EXERCISE DESCRIPTION →
Please copy, word for word, the line holding "Retro Pastel Pink" and each line that follows it through the end of the entries, omitting any pictures.

Dataset items:
+ + +

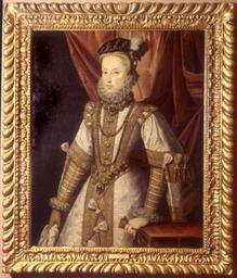 | Keywords: picture frame ancient Anna of Austria (Prague, July 7, 1528 – Munich, October 16, 1590) was the daughter of Ferdinand I, Holy Roman Emperor and his wife Anna of Bohemia and Hungary (1503–1547). She was engaged several times as a child, first to Prince Theodor of Bavaria (1526–1534), then to Charles of Orleans (1522–1545), but both died young. Anna finally married on July 4, 1546 in Regensburg at the age of 17 , Duke Albert V, Duke of Bavaria, the brother of her first fiancé. The wedding gift was 50,000 Guilder. The couple lived at the Trausnitz Castle in Landshut, until Albert became Duke. Anna and Albert had great influence on the spiritual life in the Duchy, and enhanced the reputation of Munchen as a city of art, by founding several musea and the Bayerischen Staatsbibliothek. Anna and Albert were also patrons to the painter Hans Müelich, and composer Orlando di Lasso. Anna of Austria (Prague, July 7, 1528 – Munich, October 16, 1590) was the daughter of Ferdinand I, Holy Roman Emperor and his wife Anna of Bohemia and Hungary (1503–1547). She was engaged several times as a child, first to Prince Theodor of Bavaria (1526–1534), then to Charles of Orleans (1522–1545), but both died young. Anna finally married on July 4, 1546 in Regensburg at the age of 17 , Duke Albert V, Duke of Bavaria, the brother of her first fiancé. The wedding gift was 50,000 Guilder. The couple lived at the Trausnitz Castle in Landshut, until Albert became Duke. Anna and Albert had great influence on the spiritual life in the Duchy, and enhanced the reputation of Munchen as a city of art, by founding several musea and the Bayerischen Staatsbibliothek. Anna and Albert were also patrons to the painter Hans Müelich, and composer Orlando di Lasso. |
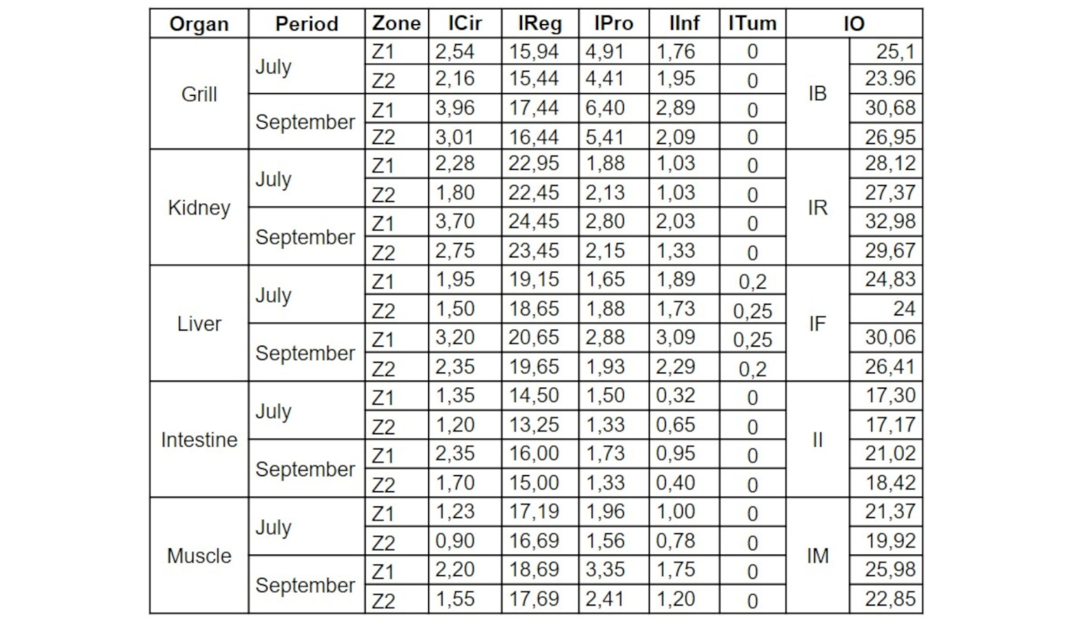 Kidneys were the most affected organs, with higher average IOK (kidney index) scores in September, Z1 (32.98) > Z2 (29.67), expressing a significant difference (P = 0.0104). In July, values were lower, with Z1 (28.12) > Z2 (27.37) showing no significant difference (P = 0.42). Comparing the two periods, there was a very significant difference in Z1 (P = 0.0057) compared with Z2 (P = 0.163, no significant difference). As for lesions, regressive alterations were clearly dominant, with very high indices when compared with circulatory and inflammatory scores. Proliferative lesions, although rare, were more visible in September in both zones (Figure 3-B).
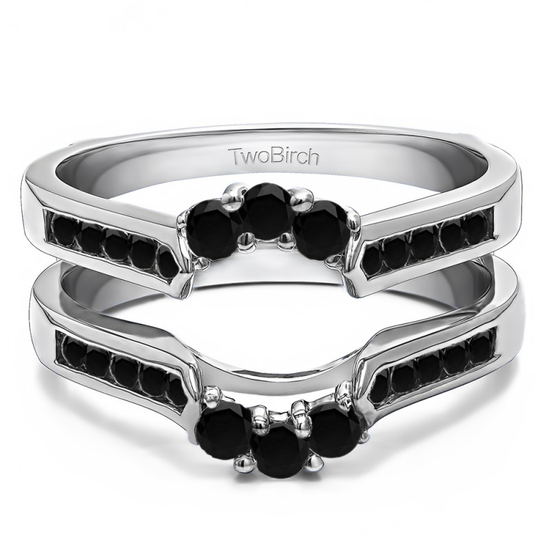 This wedding ring guard has 26 round, channel set stones. Each band measures 2 millimeters wide. This ring guard has 0.54 carats total weight. It is made to fit a round solitaire from 1 carats to 2 carats.
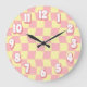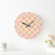 Retro Pastel Pink Yellow Wavy Chequerboard Large Clock
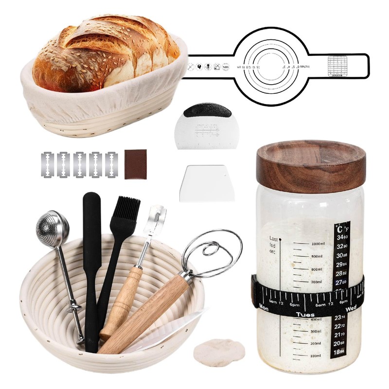 - Complete Sourdough Bread Baking Kit---The kit includes 40 oz glass sourdough jar,thermometer band,tracker band,9”round and 10”oval banneton bread proofing baskets,silicon scraper,dough scraper,plastic scraper,dough whisk,basting brush,flour duster,bread lame,silicone baking mat.

+ + +

TASK SOLUTION →
 Retro Pastel Pink Yellow Wavy Chequerboard Large Clock
 - Complete Sourdough Bread Baking Kit---The kit includes 40 oz glass sourdough jar,thermometer band,tracker band,9”round and 10”oval banneton bread proofing baskets,silicon scraper,dough scraper,plastic scraper,dough whisk,basting brush,flour duster,bread lame,silicone baking mat.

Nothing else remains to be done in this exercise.